I turned. And as I did so all the spurts and fizzles and splutters suddenly arched higher. And three new ones appeared.

Jim strode up to me.

“My boy,” he cried excitedly, “this has been staring mankind in the face for centuries. Ever since hoses were first invented, we’ve been enslaved by the one idea. The fire hose. The hose with one stream to be directed on one target. But a garden hose should have not one but 10 or 20 outlets.”

“Don’t you see?” he expanded, “Talk about substitute rubber and drinking tea and coffee! Why, it has taken the war to show us what a proper garden hose should be like. Instead of the human race having to stand on damp lawns, steering a silly hose yard by yard over the flower borders, we invent a modern hose, a hose with 10 or 15 little nozzles. And then, all we do is walk down and stretch the hose the length of the garden, turn her on, and then sit back in the garden chairs and watch the garden get watered properly, simultaneously and at our ease!”

“Jim, if we patent this!” I gloated expectantly.

I laid the nozzle end down, and we walked the length of the hose, inspecting the leaks. Those that were not quite big enough, I enlarged with my pen knife, until they threw a nice spurt about 10 feet.

“Cut new holes, at regular intervals,” suggested Jim.

And judiciously turning the tap on and off, we spaced our cuts at regular intervals, until we had a series of 19 jets that, with the evening breeze wavering them, covered the whole expanse of the garden.

“Think,” I said, as we sat back in the deck chairs and watched the play of the little fountains, “of the old-fashioned sprinklers. The kind you had to keep getting up every few minutes to walk over wet grass and get squirted yourself, shifting them from place to place.”

“All we have to do now,” added Jim, “when we’re through, is turn off the tap and haul the hose back in. Only our hands get wet.”

As we sat and gloated, my next door neighbor came out and looked over the fence.

“Some hose,” he remarked.

“There you see,” I informed him, “the birth of a great idea. It is going to be patented. Our fortunes are made. This is the Frise-Clark hose. Or the Frike hose. Or maybe the Clarf hose.
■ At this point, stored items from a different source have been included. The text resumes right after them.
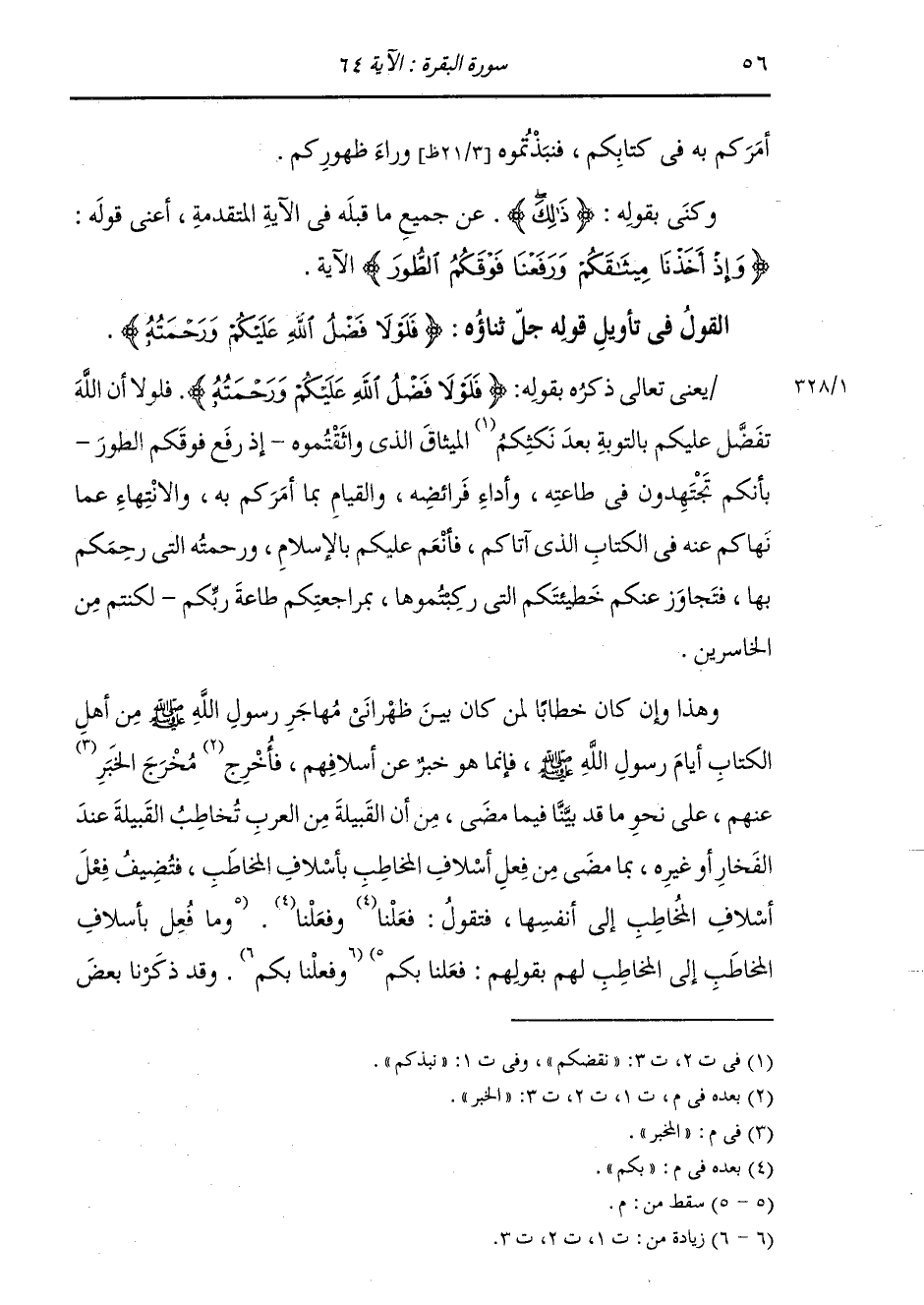 §الْقَوْلُ فِي تَأْوِيلِ قَوْلِهِ تَعَالَى: {فَلَوْلَا فَضْلُ اللَّهِ عَلَيْكُمْ وَرَحْمَتُهُ} [البقرة: 64] قَالَ أَبُو جَعْفَرٍ: يَعْنِي بِقَوْلِهِ جَلَّ ذِكْرُهُ: {فَلَوْلَا فَضْلُ اللَّهِ عَلَيْكُمْ} [البقرة: 64] فَلَوْلَا أَنَّ اللَّهَ تَفَضَّلَ عَلَيْكُمْ بِالتَّوْبَةِ بَعْدَ نَكْثِكُمُ الْمِيثَاقَ الَّذِي وَاثَقْتُمُوهُ، إِذْ رَفَعَ فَوْقَكُمُ الطُّورَ، بِأَنَّكُمْ تَجْتَهِدُونَ فِي طَاعَتِهِ، وَأَدَاءِ فَرَائِضِهِ، وَالْقِيَامِ بِمَا أَمَرَكُمْ بِهِ، وَالِانْتِهَاءِ عَمَّا نَهَاكُمْ عَنْهُ فِي الْكِتَابِ الَّذِي آتَاكُمْ، فَأَنْعَمَ عَلَيْكُمْ بِالْإِسْلَامِ وَرَحْمَتِهِ الَّتِي رَحِمَكُمْ بِهَا، وَتَجَاوَزَ عَنْكُمْ خَطِيئَتَكُمُ الَّتِي رَكِبْتُمُوهَا بِمُرَاجَعَتِكُمْ طَاعَةَ رَبِّكُمْ؛ لَكُنْتُمْ مِنَ الْخَاسِرِينَ. وَهَذَا وَإِنْ كَانَ خِطَابًا لِمَنْ كَانَ بَيْنَ ظَهْرَانَيْ مُهَاجَرِ رَسُولِ اللَّهِ صَلَّى اللهُ عَلَيْهِ وَسَلَّمَ مِنْ أَهْلِ الْكِتَابِ أَيَّامَ رَسُولِ اللَّهِ صَلَّى اللهُ عَلَيْهِ وَسَلَّمَ، فَإِنَّمَا هُوَ خَبَرٌ عَنْ أَسْلَافِهِمْ، فَأَخْرَجَ الْخَبَرَ مَخْرَجَ الْمُخْبَرِ عَنْهُمْ عَلَى نَحْوِ مَا قَدْ بَيَّنَّا فِيمَا مَضَى مِنْ أَنَّ الْقَبِيلَةَ مِنَ الْعَرَبِ تُخَاطِبُ الْقَبِيلَةَ عِنْدَ الْفَخَارِ أَوْ غَيْرِهِ بِمَا مَضَى مِنْ فِعْلِ أَسْلَافِ الْمُخَاطِبِ بِأَسْلَافِ الْمُخَاطَبِ، فَتُضِيفُ فِعْلَ أَسْلَافِ الْمُخَاطِبِ إِلَى نَفْسِهَا، فَتَقُولُ: فَعَلْنَا بِكُمْ، وَفَعَلْنَا بِكُمْ. وَقَدْ ذَكَرْنَا بَعْضَ
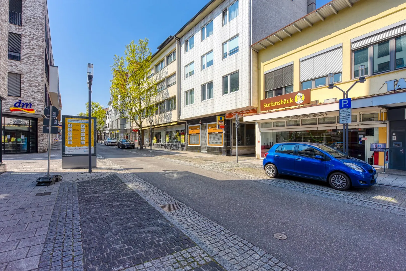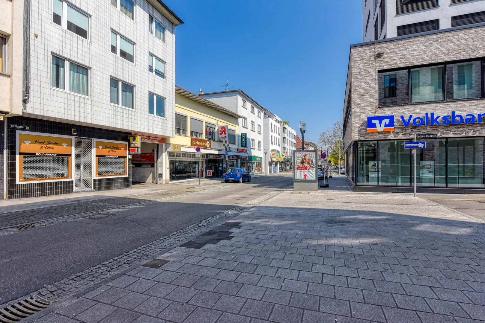 Die Wohnung befindet sich in der "Stuttgarter Straße", der Haupteinkaufsstraße von Stuttgart-Feuerbach.
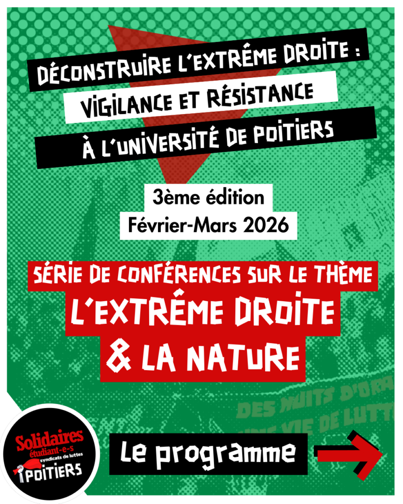 « Déconstruire l’extrême-droite. Vigilance et résistance à l’université de Poitiers« . 3ème édition, février-mars 2026. Une série de conférence sur l’extrême-droite et la nature ». Gratuit et ouvert à tou-tes.
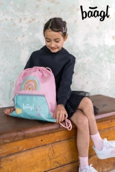 Praktischer Schulbeutel BAAGL für Schuhe und Freizeitaktivitäten im eleganten rosa Design „Regenbogen“. Bietet ein robustes, abwischbares Material, eine praktische Reißverschlusstasche im unteren Bereich und Zusammenziehen mit stabilen Kordeln, die ein bequemes Tragen auf dem Rücken ermöglichen. Dank des Karabiners lässt er sich leicht an der Schultasche befestigen.
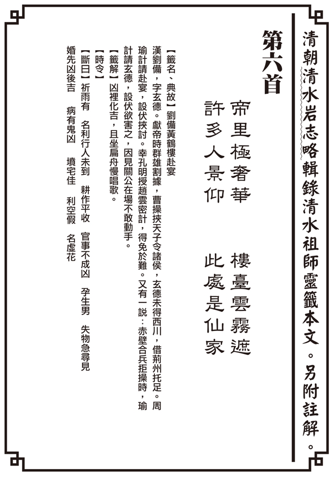 • 清朝清水岩志略輯錄清水祖師靈籤 第6首
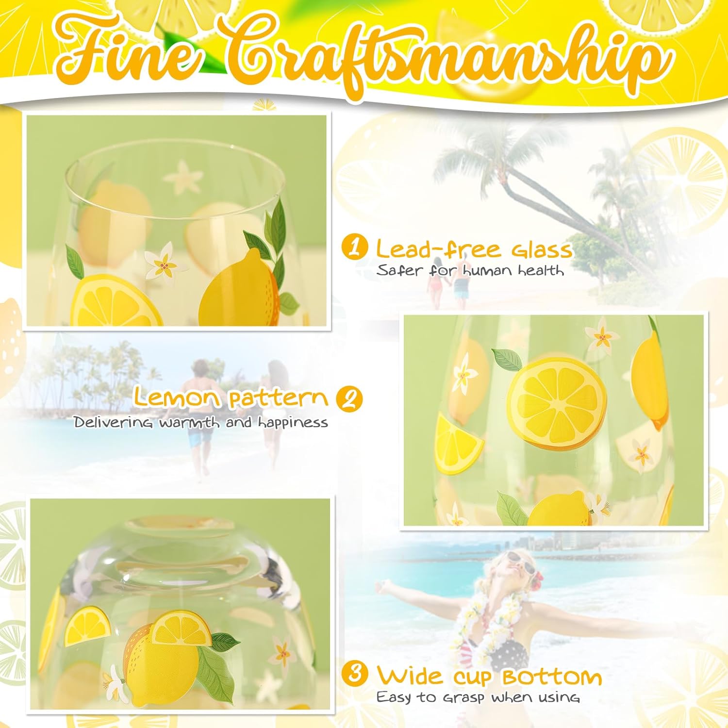 Sliner 2 Pack Lemon Stemless Wine Glasses 17oz Lemon Drinking Glasses Clear Stemless Wine Tumbler Unique Gift for Wedding, Mother's Day Birthday Drinking Party
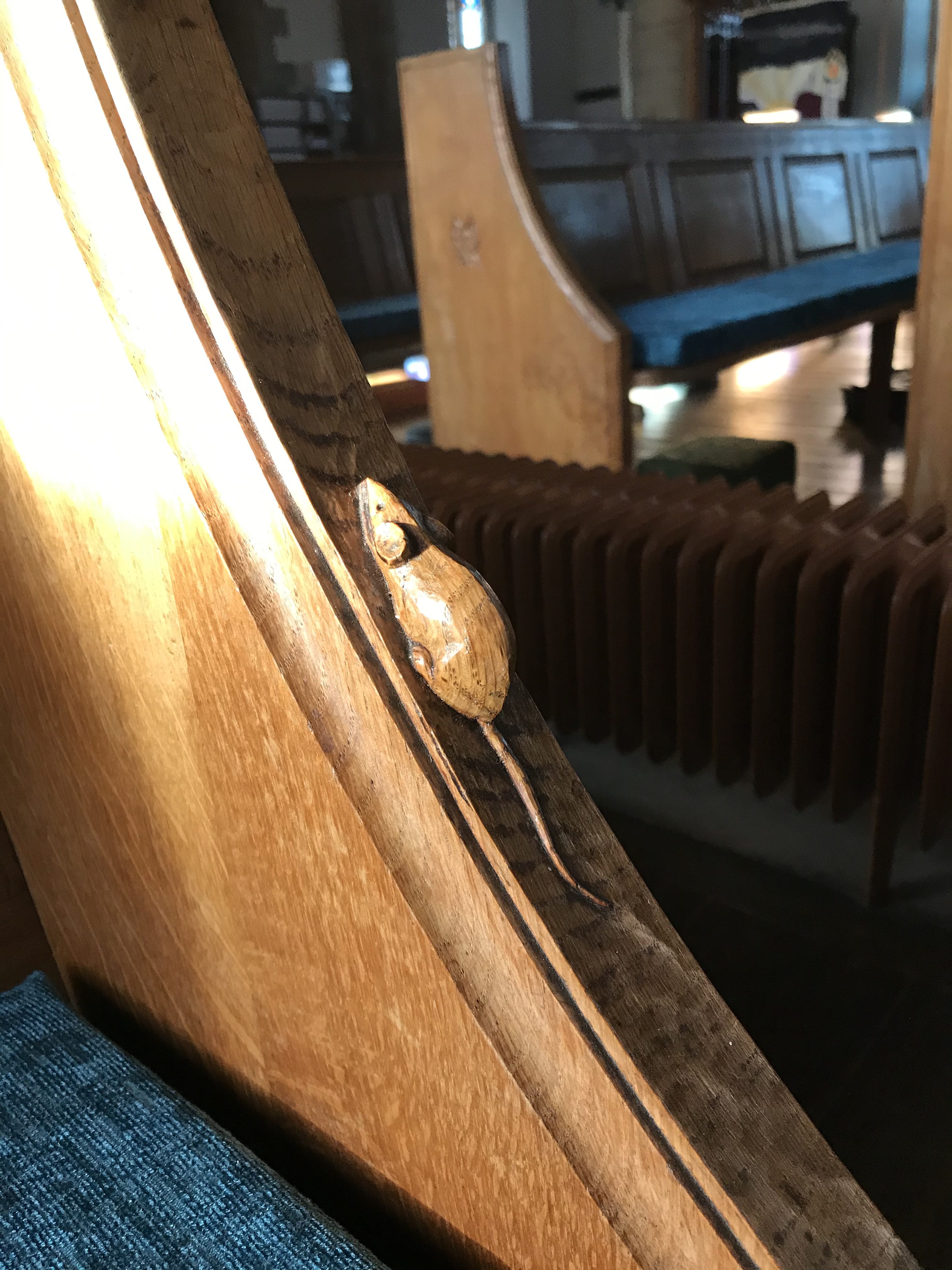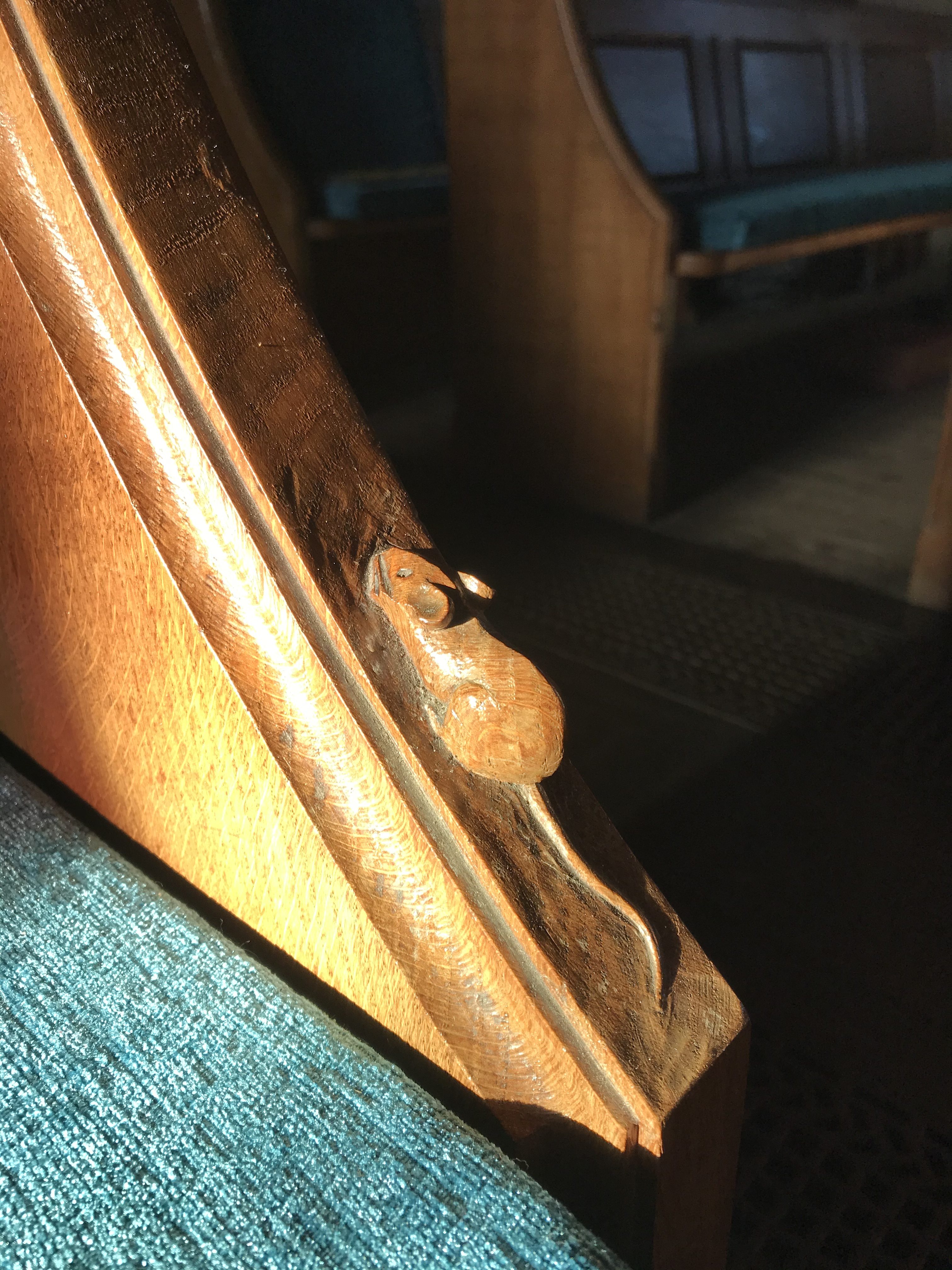 The main body of the church contains some of its finest features – the superb oak furniture which, during the long incumbency of Canon Grice-Hill gradually replaced the original Victorian pitch-pine pews. It is all in hand-carved English oak, oak-pinned (not screwed) together, and most of it is either by Thompson, the famous ‘Mouseman’ of Kilburn – so called because his trade-mark was the tiny mouse he carved into all his work – or by his one time apprentice Lyndon Hammel of Harmby (whose own mark is a cat that has caught a mouse). Robert Thompson was a late disciple of the Arts and Craft movement which advocated a return to traditional methods and materials, and even where the work is not by him or Hammel, it is in the same tradition. A careful scrutiny will reveal a wealth of delightful small carvings depicting the flora and fauna of the Dales, Christian symbols, and even the traditional Green Man (he isn’t immediately obvious). Since each panel has the name of its donors carved into it, few of whom were wealthy people, the whole forms an eloquent tribute to the many who worshipped here during the twentieth century. It is questionable whether any church has a finer collection of the Thompson school’s superb craftsmanship than can’ be seen here. Moreover, the pews are quite comfortable to sit in especially with the recently refurbished cushions – a rare boom!

History is being made before your eyes.”

“Didn’t you ever see a cloth hose?” inquired my neighbor.

“A what?” I inquired.

“A cloth hose that waters the ground all along its length?” he asked.

“I certainly didn’t,” I said. “But anyway, it doesn’t sprinkle.”

“Sprinkling is the worst feature of hoses,” said the neighbor. “If we could water our gardens without sprinkling the flowers and foliage, causing them to weaken and blight, but merely wetting the earth, we would have the ideal hose. And we’ve got it in the cloth hose.”

“Where did you ever see one?” I demanded.

“You could have seen one for the past three summers,” said the neighbor, “by just looking over the fence.”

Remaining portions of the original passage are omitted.